Med Grill


4512 West Saanich Rd. V8Z 3G4
Tel: 250.727.3444


Opening a restaurant is one thing, but building a neighbourhood favourite is another — and doing it while still appealing to Victoria’s tourist crowds is a real coup. Med Grill is one of Vancouver Island’s most trusted restaurants having served fresh, creative and well-made dishes under the same ownership for nearly twenty years. Whether it’s a birthday, working lunch, or family dinner, Med Grill offers a classy yet comfortable atmosphere with great value and friendly, professional service.

A historic 100 year-old home makes for a warm, inviting feel

Med Grill was established in 1997 in the 100-year-old Old Saanich Municipal Hall, a heritage building which originally hosted the city’s police headquarters and jail. The renovation kept the original chimney and much of the building’s character while adding a warm, Mediterranean feel.

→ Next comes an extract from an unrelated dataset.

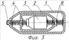 На фиг.2 корпус наружного космического аппарата 1 машины выполнен без носовой части рассеченным и закреплен по линии разреза на сферической поверхности 6, имитирующей космический объект – черная дыра, выполненной из прозрачного материала, в специальном ступенчатом отверстии 7, например, на клею или по посадке с натягом, таким образом, чтобы его хвостовая часть с закрепленными в ней на пружинах внутренними игрушечными КА находилась за пределами внешней поверхности имитируемой черной дыры. Цифрой 8 на фиг.1, 2, 3 обозначены приливы на корпусах 1, 2, 3, выполненные в виде коротких втулок, служащих направляющими для пружин 4, поддерживающих аппараты 2, 3 внутри аппаратов 1 и 2 соответственно.

The dining room features a gas fireplace and stone floors that keep things warm in the winter, and in summer the wraparound patio is decorated with planters of bright flowers for a cheery and festive vibe. It’s all a great pairing for the Med Grill’s innovative feature menus and unique West Coast cuisine.


Inventive & local west coast fusion cuisine

One of the challenges of a successful restaurant is creating fresh and interesting food while still providing something for everyone.

Executive Chef Andrew Fawcett has taken this in stride and designed an Italian, Morrocan and Spanish-influenced menu that highlights Vancouver Island produce, from herbs and fresh pasta to heirloom tomatoes and nugget potatoes.

 “It’s West Coast food, catered to everyone,” says long-time shift supervisor, Adam Ouelet. “You can always find something here.”

Med Grill's monthly four-course Tuscan Table menu also allows Andrew to come up with new and original dishes in pace with the changing seasons — and the special menus for events like Mother's Day add yet more options.




A host of regulars, both patrons and staff

With everything crafted in-house, the Med Grill kitchen is uniquely equipped to make allowances for allergies and dietary needs, and the staff are committed to making sure your meal goes smoothly.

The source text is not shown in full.